We'll also install `plotly-express` for visualizing data.

In [None]:
!pip install plotly-express

<a name='s1-2'></a>
## Download the data ##
The data we'll be working with is the [Parking Violations Issued - Fiscal Year 2022](https://data.cityofnewyork.us/City-Government/Parking-Violations-Issued-Fiscal-Year-2022/7mxj-7a6y) dataset from NYC Open Data. We're downloading a copy of this dataset from an s3 bucket hosted by NVIDIA to provide faster download speeds. We'll start by downloading the data. This should take about 30 seconds.

<a name='s1-2.1'></a>
### Data License and Terms ###
As this dataset originates from the NYC Open Data Portal, it's governed by their license and terms of use.
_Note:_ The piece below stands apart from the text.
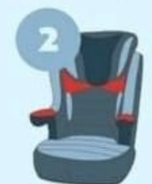
15-25 кг от 3 до 7 лет

**Are there restrictions on how I can use Open Data?**
> Open Data belongs to all New Yorkers. There are no restrictions on the use of Open Data. Refer to Terms of Use for more information.

**[Terms of Use](https://opendata.cityofnewyork.us/overview/#termsofuse)**
> By accessing datasets and feeds available through NYC Open Data, the user agrees to all of the Terms of Use of NYC.gov as well as the Privacy Policy for NYC.gov. The user also agrees to any additional terms of use defined by the agencies, bureaus, and offices providing data. Public data sets made available on NYC Open Data are provided for informational purposes. The City does not warranty the completeness, accuracy, content, or fitness for any particular purpose or use of any public data set made available on NYC Open Data, nor are any such warranties to be implied or inferred with respect to the public data sets furnished therein.

> The City is not liable for any deficiencies in the completeness, accuracy, content, or fitness for any particular purpose or use of any public data set, or application utilizing such data set, provided by any third party.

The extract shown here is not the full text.